Тропка вела теперь вверх, затем опять выровнялась. Спустя некоторое время под ногами стали попадаться камни и Цю понял, что начал снова спускаться к уже пересыхающему руслу реки. Прыгнув в самую середину еще живого потока, он упал на колени, окунув в воду лицо и плечи. Холодная вода вернула ясность мысли. На противоположной стороне широкого русла берег, усеянный галькой, поднимался вверх, дальше земля пестрела деревьями, тянулись дынные бахчи.

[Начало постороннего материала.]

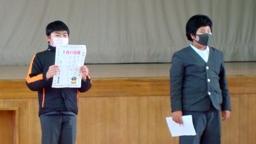 12月の児童集会での委員会発表が,6年生にとって最後の仕事でした。みんないつものようにしっかりと発表してくれました。次回からは5年生の仕事です。よろしくお願いします。学年発表は1年生。この日急にお休みした児童の分まで頑張ってくれました。ハンドベル演奏で,急遽新しい役割をもらった児童が,すごく緊張しながらも頑張っている姿が素敵でした。なお,今回の集会からジェットヒーターを使いました。たった一つしかありませんが,かなり効果がありました。
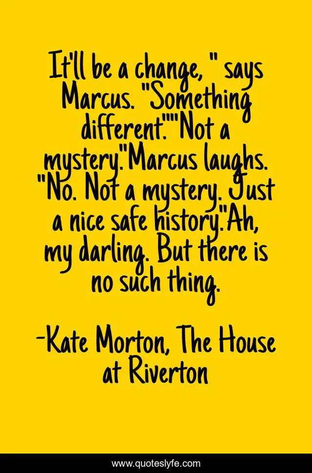This page presents the quote "It'll be a change, " says Marcus. "Something different.""Not a mystery."Marcus laughs. "No. Not a mystery. Just a nice safe history."Ah, my darling. But there is no such thing.". Author of this quote is Kate Morton, The House at Riverton. This quote is about mystery, authors, history, writing,.
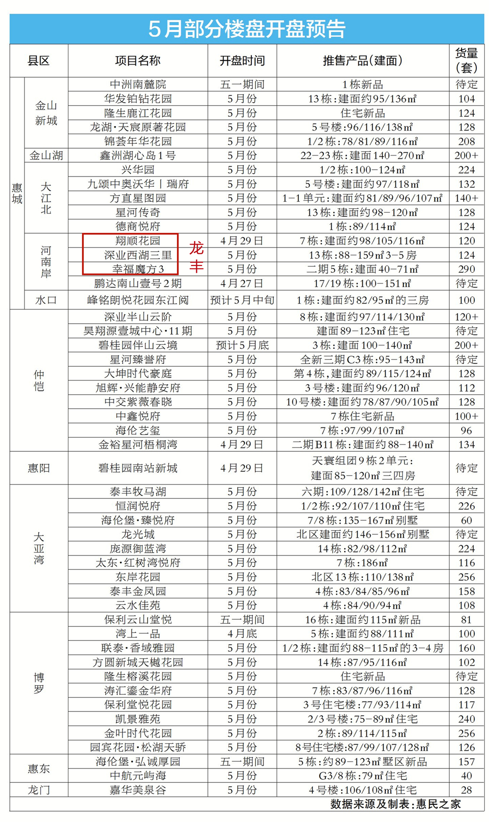 通過開展“宜居惠州 安家惠城”明星樓盤惠民購房節(jié)暨辦證抽大獎等活動,“五一”期間惠城區(qū)熱點在售樓盤日均到訪量和認購量環(huán)比上行明顯。市場成交活躍,進一步帶動了開發(fā)商的推貨熱情。惠民之家數(shù)據(jù)監(jiān)控中心統(tǒng)計顯示,惠城本月預計將有16盤推新,超2300套新房入市,新品主要集中在金山新城、江北及河南岸3個片區(qū)。
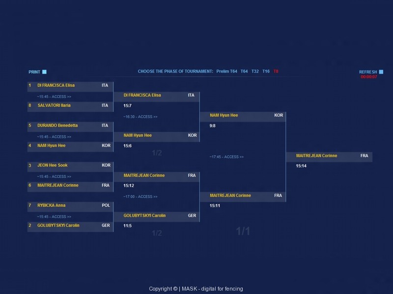 MASK Team will be conducting in cooperation with DT. MASK software is in line with all rules set by the FIE and EFC. - Displaying all information during fights on pistes:
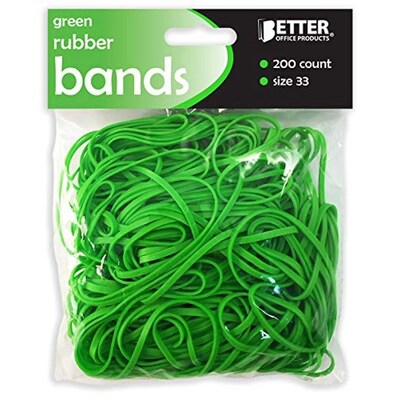 These Better Office vibrant green rubber bands come in a 200-count pack featuring a handy quantity to have on hand for organizing, securing, and color-coding. The bands are of size #33, one of the most common sizes for practical applications at home and office. Flexible but stretchy, the band is a convenient way to group items. You can utilize bands of different colors when counting or separating cash for easy distinction. Use this band for crafting, to secure rolled items, such as posters and wrapping paper, or to keep cookbooks open for easy reference. This band lets you punch up small appliance cords to keep them out of sight.

Первые признаки цивилизации!
Цю вспомнил карту, и у него вспыхнула надежда: там, с другой стороны горы, проходит дорога.
Впереди, вдоль течения реки, две скалы сходились вместе, образуя нечто вроде округленных ворот, внизу которых оставался проход для потока воды. Течения в том месте почти не было. Укрытие — не слишком надежное, но лучше, чем ничего. Со вздохом облегчения Цю бросился к проходу между скалами и очутился в запруде. Над поверхностью воды плыл легкий утренний туман.
Первая полоска солнечного света озарила дальний скалистый уступ — то место, откуда он пришел сюда. Цю огляделся. Вода в запруде была прозрачной до самого дна. Под ногами он видел разноцветные камешки всех размеров и форм, гладко обкатанные течением. Игра света в нежных пузырьках воздуха, плясавших на поверхности воды, ласкала взор и гипнотически притягивала к себе. Нельзя отвлекаться, опасно. Футах в двадцати от Цю, в дальнем конце запруды, веером разворачивалась серебристая ткань водопада, образуя нечто вроде почти прозрачного экрана из ребристого стекла.
Ярко-оранжевые лучи, возвещавшие начало нового дня, выгоняли тени из оврагов и горных расселин. Цю взглянул вверх: начало водопада крылось вверху в нескольких футах над головой. Он следил за движением воды. Потоки изливались вниз, словно сплетенные нити серебристого жемчуга, то соединяясь, то рассыпаясь. Наконец Цю остановился на том месте, где струящийся занавес опускался в воду запруды, и едва не задохнулся: за водопадом кто-то стоял. Цю оглянулся через плечо. Между скалами, охранявшими вход в его укрытие, никого не было. На склонах — тоже.
— Ленни?
Молчание.
Цю напряг зрение, чтобы проникнуть взглядом за водяную завесу, но разглядеть ничего не удалось. Тени, а также искажающий оптический эффект от струящейся воды, солнечный свет, хоть и не слишком яркий, мешали ему. Поднимая тучу брызг, Цю пересек запруду и зашел за водопад.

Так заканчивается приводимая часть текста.